Health Savings Accounts
A popular way for families to save on taxes is by contributing to a Health Savings Account. By establishing and funding a Health Savings Account, taxpayers can make health-related expenditures tax deductible. This also helps taxpayers save for the medical expenses that occur unexpectedly.
Individuals under age 65 may establish an HSA (Health Savings Account) which allows them to save for qualified medical and retiree health expenses on a tax-free basis. These accounts are custodial in nature. One of the requirements of an HSA is the fact that the individual covered (known as an account beneficiary) must also be covered under a high-deductible health plan (HDHP). Any eligible individual can establish an HSA.
For HSA purposes, an “eligible individual” must meet the following requirements:
- covered under a high-deducible health plan (HDHP) on the first day of applicable month;
- NOT covered by any other health plan that is not an HDHP;
- NOT entitled to benefits under Medicare;
- NOT claimed as a dependent on another person’s tax return.

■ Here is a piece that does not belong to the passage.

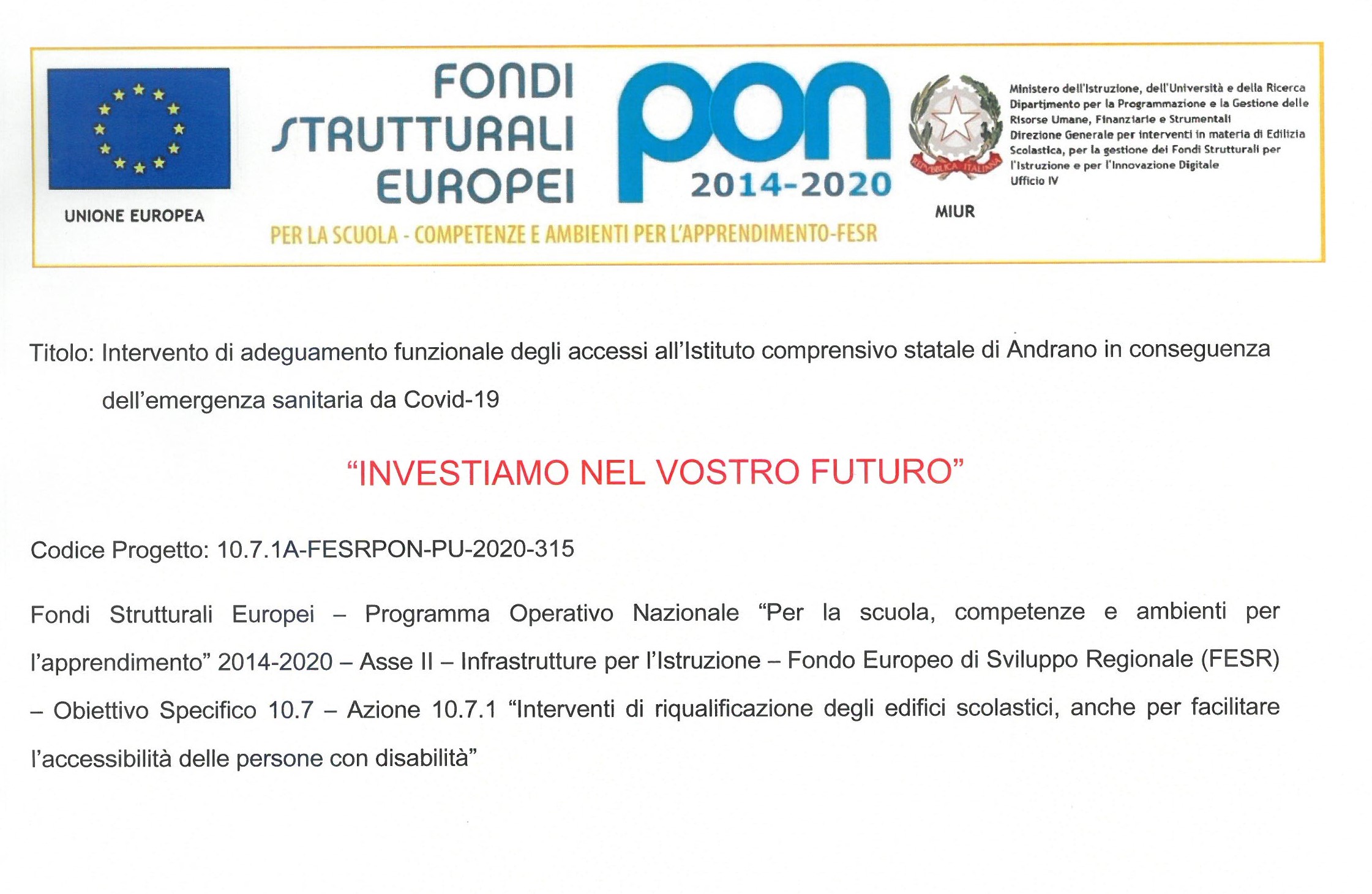 Fondi Strutturali Europei - Programma Operativo Nazionale "Per la scuola, competenze e ambienti per l'apprendimento" 2014-2020 - Asse II - Infrastrutture per l'Istruzione - Fondo Europeo di Sviluppo Regionale (FESR) - Obiettivo Specifico 10.7 - Azione 10.7.1 "Interventi di riqualificazione degli edifici scolastici, anche per facilitare l'accessibilità delle persone con disabilità "
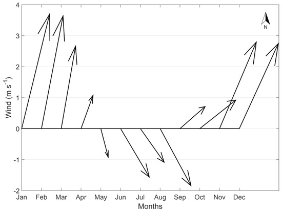 In order to evaluate the wind at Punta Galera, we obtained a stick plot of the long-term averages of the wind around ~40° S (Figure 7). Near Punta Galera, the wind seasonally came predominantly from the southwest between November and March with intensities that ranged between 3 and 4 m s−1. The months of April–May and September–October can be considered as transitional, where the wind intensity decreased between 1 and 1.5 m s−1 and had a weak meridional component. During the winter months (June–August), the winds intensified reaching values of 2 m s−1 but predominated from the northwest

Contributions made by individuals and family members are tax deductible for the account beneficiary – even if the account beneficiary does not itemize. The account beneficiary does not lose his or her unused HSA dollars at year end. This means that the account contributions are NOT on a use-or-lose basis. This is beneficial to the beneficiary.
Employer contributions are made on a pretax basis and are NOT taxable to the employee. Employers will be allowed to offer HSAs through a cafeteria plan. However, these employer contributions must be made available on a comparable basis to all participating employees.
HSA distributions are tax-free if they are used to pay qualified medical expenses. Some of these medical expenses include:
- Prescription drugs
- Diagnosis, cure, treatment, mitigation, or prevention of disease costs
- Continuation coverage required by federal law
- Qualified long-term care services
- Qualified long-term care insurance
- Health insurance for the unemployed
- Medicare expenses (not Medigap)
- Retiree health expenses for individuals age 65 or older
Distributions made for any other purpose taxable and have a 10 percent penalty. This 10 percent penalty is waived for distributions made by individuals age 65 or older.